Friday, November 12, 2010

Enabling ECC memory in Linux without BIOS support

I build computers for reliability and low(er) power; I've been doing so long before the somewhat recent green kick. In particular, I want ECC memory, and a lot of it, and a good power supply. I don't care about CPU speed or the video card. I like to leave my linux box up for months, even a year. And ECC memory is necessary for this. I used to have to buy specific chipsets for Intel processors, but in the past 3 years I have chosen AMD processors solely largely because they support ECC. The AMD Athlon CPUs have a built-in memory controller and it has supported unbuffered ECC RAM all this time. So any motherboard is largely fine... or so I thought.

I finally assembled my new system with a Phenom II X4 and a lovely Gigabyte GA-MA785GM-US2H MB with nice copper wiring and good capacitors. I chose this M/B since it has the latest AMD 785G video, and it supports DDR2 which was cheaper than DDR3 when buying ECC RAM (I've been buying Kingston ECC RAM, and for this system it was 8G of KVR533D2E4K2/4G since it was amazingly cheap.). But this stupid mother ***** does not support ECC in the BIOS, which is a bit odd as the CPU talks to the memory directly. Apparently Gigabyte does not provide for this in their BIOS settings http://forums.amd.com/forum/messageview.cfm?catid=21&threadid=123883, see the response from Gigabyte.

I had the following fails:
  1. Running memtest86+ v4.10, the memory is not recognized as ECC. Argh.
  2. Flashing the latest BIOS for this M/B did not help. Argh.
  3. I tried adding the kernel boot parameter to GRUB ecc_enable_override, but that did not work.
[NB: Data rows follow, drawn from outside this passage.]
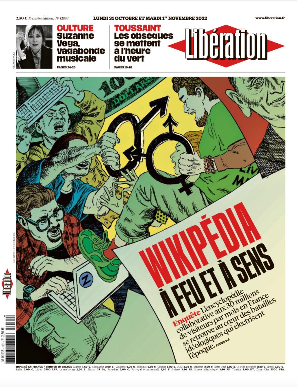 “Pendant que les agences de com rivalisent de stratégies pour ripoliner les pages de leurs clients, l’extrême droite s’essaye à l’entrisme dans ce qu’ils appellent «Wokipédia». A l’inverse, des militants antiracistes et féministes dénoncent «un bruit de fond» réactionnaire dans les entrailles de l’encyclopédie”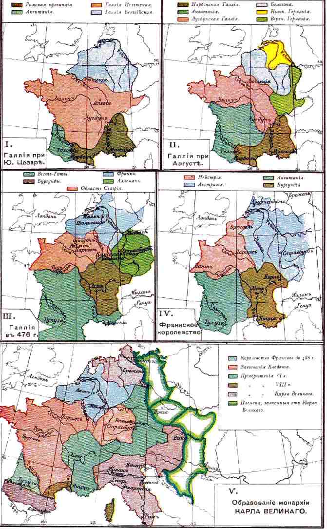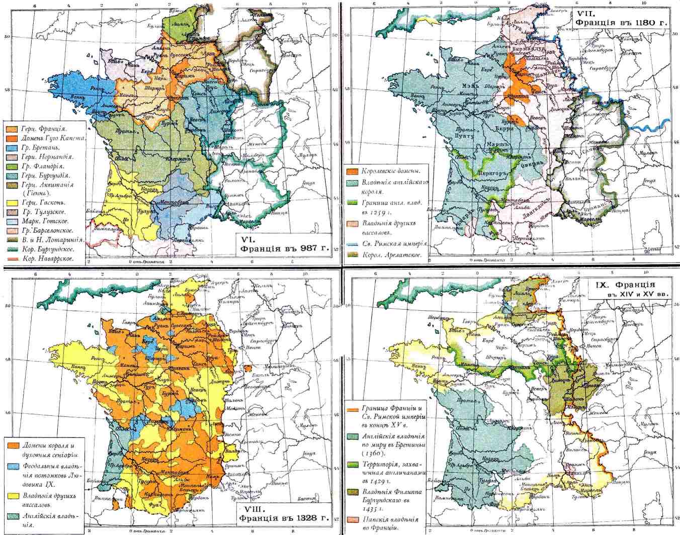 Феодальная эпоха. Слово Ф. происходит от имени германского народа франков, поселившихся в северо-восточном углу Галлии. Первоначально под названием Francia разумели страну между Сеной и Рейном, западная часть которой только и вошла в состав Ф., тогда как юго-западный угол восточной части, вместе с соседней областью к востоку (по Майну), получили название Франконии, равным образом произведенное от имени франков. Возникшее при последних Каролингах, имя Ф. стало с течением времени все более и более приурочиваться к одной только западной части, а в ней — преимущественно к большому герцогству, которое впоследствии и собрало около себя страну (duch é de France, позднее провинция Иль-де-Франс). В эпоху распадения монархии Карла Великого вполне обнаружилось различие в языке между восточными и западными "франками". Когда сыновья Людовика Благочестивого, Людовик Немецкий и Карл Лысый, заключили между собой в Страсбурге союз (842), то вынуждены были принести клятву друг другу перед своими воинами на двух разных языках: романском и германском. В следующем за тем году последовало выделение Ф. в отдельное королевство (843). С этого времени и начинается история собственно Ф. При последних Каролингах, царствовавших полтора века (843—987), Ф. очень много терпела от внешних врагов, вторгавшихся в нее с разных сторон: с севера нападали норманны, с юга сарацины, а внутри страна все более и более разлагалась. В это именно время и происходил процесс феодализации, который привел Ф. к распадению на целый ряд более мелких владений (см. Феодализм). Во второй половине I X в. государственные должности, в том числе должность королевских наместников (графов), стали превращаться в частную собственность, а с ними вместе — и те королевские поместья (домены), пользование которыми должно было вознаграждать должностных лиц за их службу. Вообще, каждый крупный землевладелец приобретал чисто государственные права над жителями своего поместья. Этим разложением государства пользовались внешние враги и беспрепятственно вторгались внутрь страны, пока в некоторых местных центрах не стали, в целях обороны, возникать союзы помещиков-государей, под гегемонией наиболее сильных из них. Благодаря этому к концу Χ в. во Ф. образовалось несколько более крупных княжеств, которые перечислены выше. В последний раз Карл Толстый в конце IX в. соединил под своей властью Германию и Ф., на что французские вельможи пошли в интересах борьбы с норманнами; но после смерти Карла (887) центробежные силы взяли верх. Преемником Карла Толстого на французском престоле был один из наиболее крупных сеньоров, граф парижский Эвд, от которого произошла династия Капетингов (см.). Хотя после его смерти королевское достоинство и вернулось в фамилию Каролингов, однако, им постоянно приходилось считаться с честолюбивыми потомками парижского графа. Преемник Эвда, Карл Простоватый (893—929), вынужден был даже искать опоры у норманнов, вождю которых, Роллону, он уступил в наследственное герцогство целую приморскую область, получившую название Нормандия (912). Кроме парижского графа Роберта, который оспаривал у Карла Простоватого корону, такие же притязания на нее заявил против сына Карла, Людовика Заморского, герцог бургундский Рудольф, которому и удалось на время занять престол. Только после его смерти законный наследник, при пом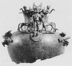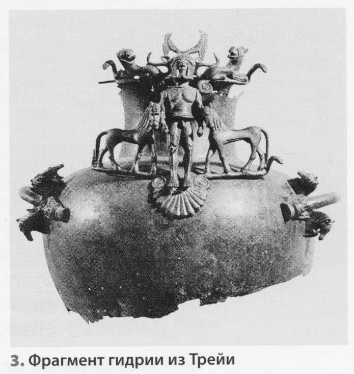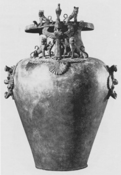 Правда, некоторые импорты, обнаруженные в ареале гальштатской культуры, относятся к довольно раннему времени. Так, ойнохои из Вильсингена и Каппеля датируются последней третью VII века до н.э. Гидрия из Грехвиля (кантон Берн, Швейцария) высотой 57 см, найденная в кургане с трупосожжением, была изготовлена в одной из греческих колоний в Италии в 580-570 годах до н.э. [16] Особенно замечательна её ручка в виде крылатой повелительницы зверей, окружённой четырьмя львами и увенчанной орлами и змеями (ил. 2). В руках богиня держит зайца, символ плодовитости. [17] Аналогичные сосуды найдены в Трейи и датируются 565-550 годами до н.э. (ил. 3). Гидрии из Грехвиля и Трейи можно рассматривать как результат эксперимента спартанских мастеров по бронзе, на которых оказали влияние резчики по слоновой кости и изготовители терракотовых рельефов для больших глиняных ваз. [18] Таким образом, вполне вероятно, что роскошные винные приборы экспортировались в варварские регионы не только из Массалии, но и из некоторых других регионов Великой Греции. Этрусские кубки, также встречающиеся в Средней Европе, были созданы в пределах VI века до н.э. или после 525 года до н.э. Фрагментарный характер археологических источников не позволяет говорить о значительном потоке импортных изделий в это время.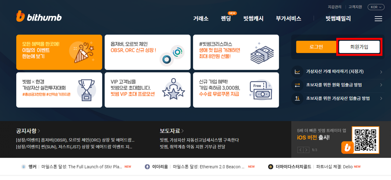 1) 빗썸에 들어가서 우측 상단 ■회원가입을 클릭합니다.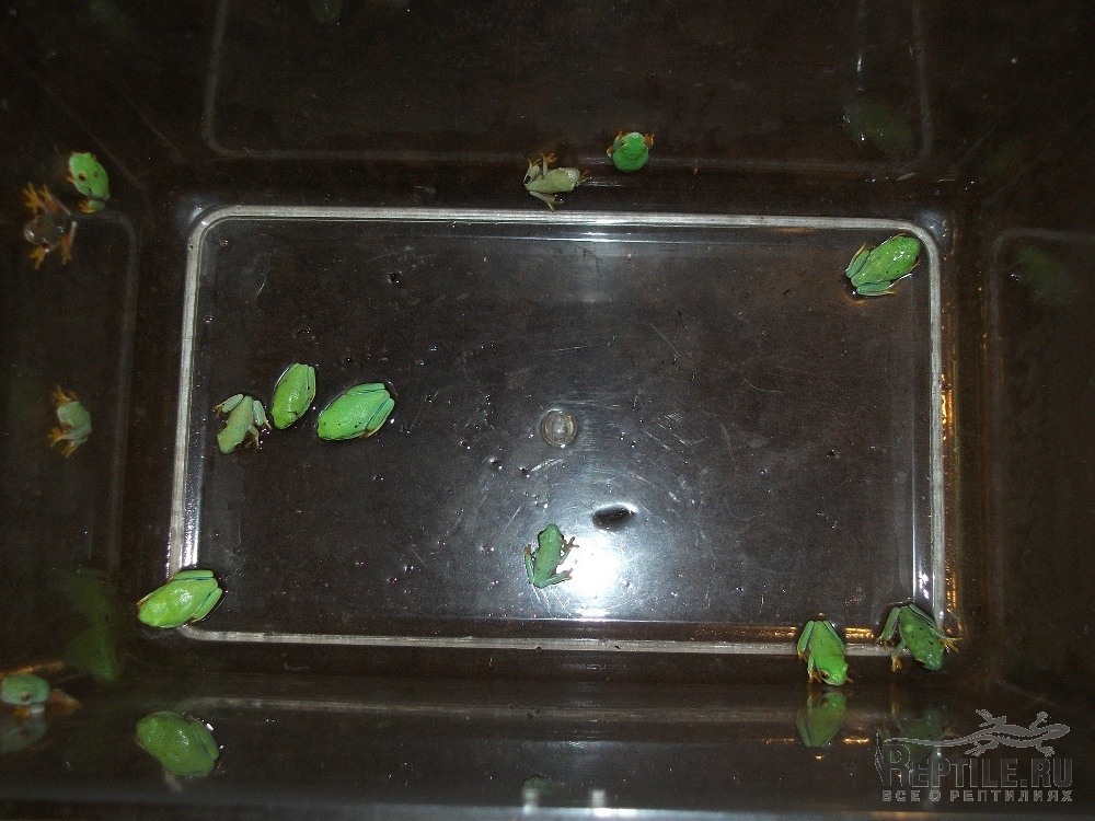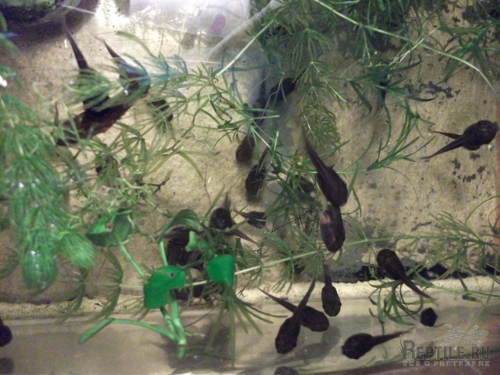 Головастики растут быстро и через 2 месяца покидают водоем, выбираясь на стенку еще с остатком хвостика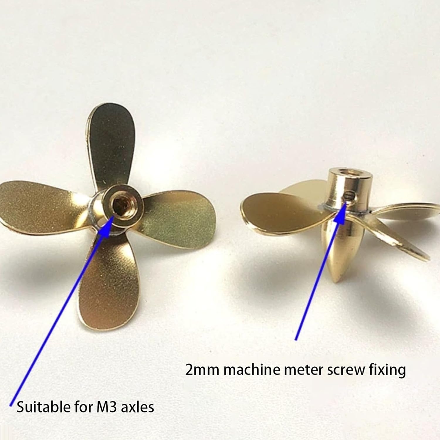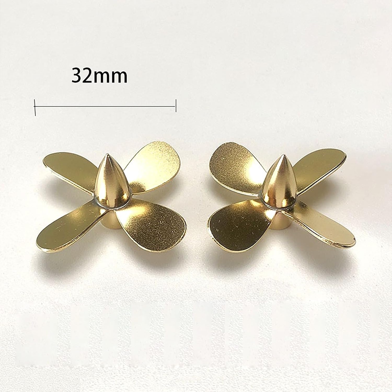 Eliche realistiche in ottone da 32 mm con aspetto a pale piegate for modelli di sottomarini Include un'pagaia CW e una CCW for configurazioni a doppio albero bilanciate Robusta struttura in ottone saldato in stagno for una lunga durata Foro for albero M3 compatibile con alberi di trasmissione RC filettati da 3 mm Fissato con viti senza testa for un montaggio stabile e affidabile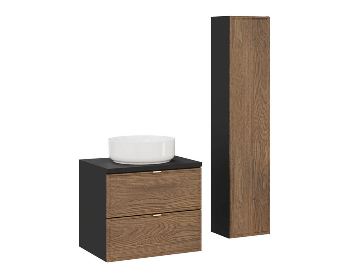 Set beinhaltet | 2x Waschtisch Unterschrank, Oberplatte & 2x Aufsatzbecken Keramik mattschwarz & LED Spiegel |

Argh.
To make a long story short, the solution is that you can force the Linux kernel module that enables ECC to load via:

% modprobe -v amd64_edac_mod ecc_enable_override=1
To verify that the ECC was turned on run
% dmesg | grep -i edac
And you should see something like:

[ 658.399849] EDAC amd64_edac: Ver: 3.3.0 Sep 19 2010
[ 658.400082] EDAC amd64: This node reports that Memory ECC is currently disabled, set F3x44[22] (0000:00:18.3).
[ 658.400102] EDAC amd64: Forcing ECC checking on!
[ 658.400198] EDAC MC: F10h CPU detected
[ 658.400230] EDAC MC: DCT0 chip selects:
[ 658.400236] EDAC MC: 0: 1024MB 1: 1024MB
[ 658.400242] EDAC MC: 2: 1024MB 3: 1024MB
[ 658.400246] EDAC MC: 4: 0MB 5: 0MB
[ 658.400251] EDAC MC: 6: 0MB 7: 0MB
[ 658.400254] EDAC MC: DCT1 chip selects:
[ 658.400259] EDAC MC: 0: 1024MB 1: 1024MB
[ 658.400263] EDAC MC: 2: 1024MB 3: 1024MB
[ 658.400267] EDAC MC: 4: 0MB 5: 0MB
[ 658.400271] EDAC MC: 6: 0MB 7: 0MB
[ 658.400333] EDAC amd64: This node reports that DRAM ECC is currently Disabled; ENABLING now
[ 658.400339] EDAC amd64: Hardware accepted DRAM ECC Enable
[ 658.401685] EDAC MC0: Giving out device to 'amd64_edac' 'Family 10h': DEV 0000:00:18.2
[ 658.401731] EDAC PCI0: Giving out device to module 'amd64_edac' controller 'EDAC PCI controller': DEV '0000:00:18.2' (POLLED)

The Linux modules that deal with ECC are labelled "enad". Some other commands you can run, are lsmod (to verify the amd enad module is loaded) and dmidecode --type memory (to see how the BIOS is reporting memory, which shows non-ECC RAM in this particular case).